Conformément à l’article 514 du code de procédure civile, il sera rappelé que le présent jugement est assorti de l’exécution provisoire, de droit.
PAR CES MOTIFS
Le juge des contentieux de la protection de Rouen, statuant en audience publique, par jugement réputé contradictoire, en premier ressort, rendu par mise à disposition au greffe le jour de son délibéré,
DECLARE recevable la demande de l’ O.P.H ROUEN HABITAT aux fins de constat de l’acquisition de la clause résolutoire,
CONSTATE que les conditions d’acquisition de la clause résolutoire contenue dans le bail conclu le 24 mai 2022 entre l’ O.P.H ROUEN HABITAT d’une part, et Monsieur [X] [O] d’autre part, concernant les locaux situés 39 Rue Paul Helot, immeuble C, étage 01, escalier A, appartement 12, 76000 ROUEN, sont réunies à la date du 8 octobre 2024,
CONSTATE la résiliation du bail à compter de cette date,
ORDONNE la libération des lieux,
ORDONNE, à défaut de départ volontaire des lieux, l’expulsion de Monsieur [X] [O] ainsi que de tout occupant de son chef, dans un délai de deux mois à compter de la signification d’un commandement d’avoir à libérer les lieux, avec l’assistance de la force publique si besoin est, ainsi que le transport des meubles laissés dans les lieux loués, conformément aux dispositions des articles L433-1 et L433-2 du code des procédures civiles d’exécution,
FIXE le montant de l’indemnité d’occupation mensuelle due par Monsieur [X] [O] à compter du 8 octobre 2024, date de la résiliation du bail, et jusqu’à la libération définitive des lieux, à une somme égale au montant mensuel du loyer indexé et des charges qui auraient été dus si le bail s’était poursuivi,
CONDAMNE Monsieur [X] [O] à payer à l’ O.P.H ROUEN HABITAT la somme de 4.274,38 euros au titre des loyers, charges et indemnités d’occupation arrêtés au 2 juillet 2025, échéance du mois de juin 2025 incluse, avec intérêts au taux légal à compter du présent jugement,
CONDAMNE Monsieur [X] [O] à payer à l’ O.P.H ROUEN HABITAT l’indemnité d’occupation mensuelle à compter du 1er août 2025, soit l’échéance du mois de juillet 2025, et jusqu’à complète libération des lieux, avec intérêts au taux légal à compter de l’exigibilité de chacune des échéances,
CONDAMNE Monsieur [X] [O] à payer à l’ O.P.H ROUEN HABITAT la somme de 50 euros au titre de l’article 700 du code de procédure civile,
CONDAMNE Monsieur [X] [O] aux dépens de l’instance, comprenant les frais de signification du commandement de payer du 7 août 2024, l’assignation du 22 janvier 2025, et le coût de la notification de l’assignation à la préfecture, et de la saisine de la CCAPEX.
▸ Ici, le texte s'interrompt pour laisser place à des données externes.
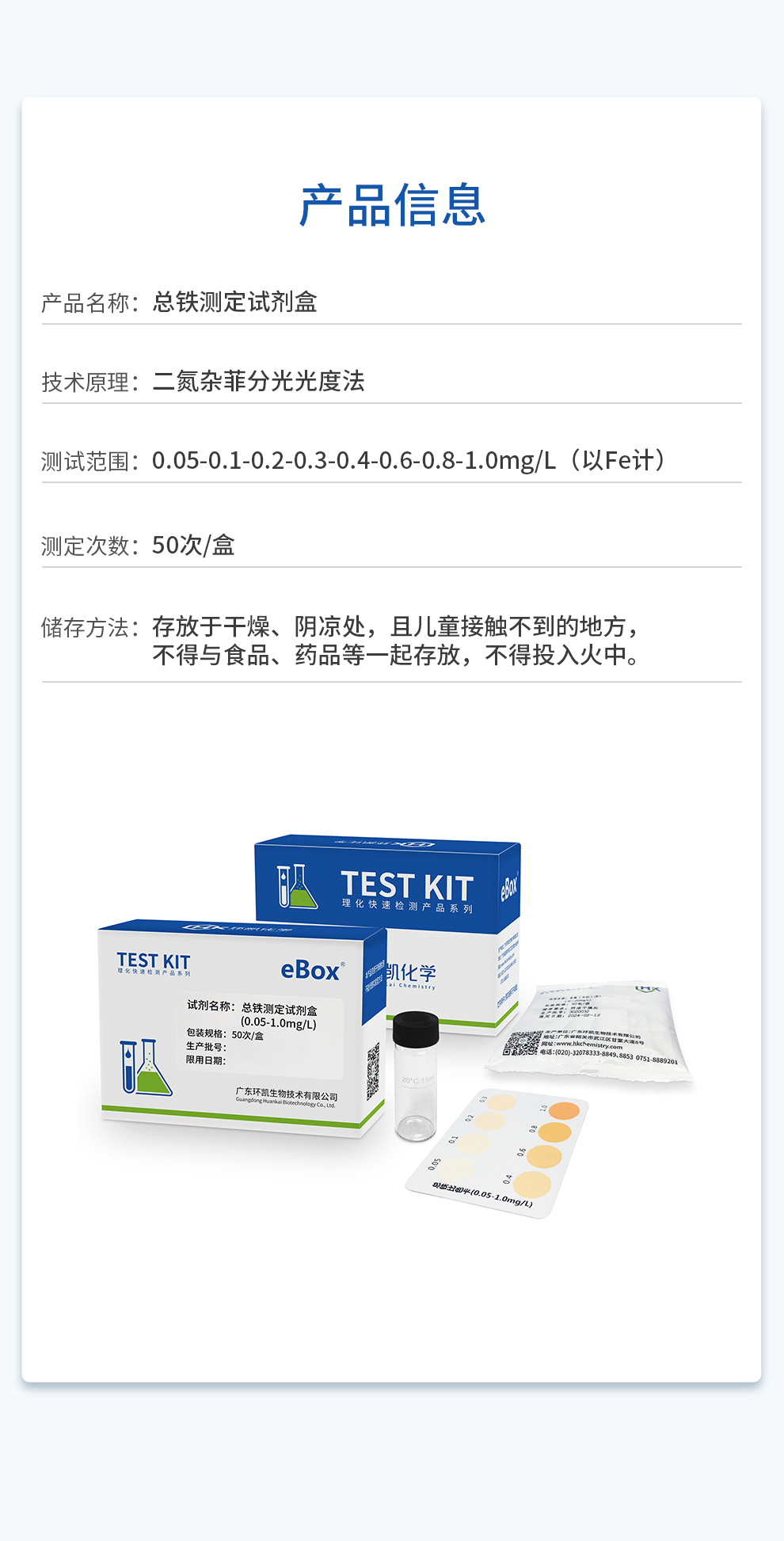 【產(chǎn)品名稱】總鐵測定試劑盒 0.05-1.0mg/L

DEBOUTE l’ O.P.H ROUEN HABITAT du surplus de ses demandes,
DIT n’y a voir lieu d’écarter l’exécution provisoire de droit du présent jugement,
Dit que la présente décision sera notifiée par le greffe du tribunal à M. le Préfet de la Seine-Maritime en application de l’article R412-2 du code des procédures civiles d’exécution.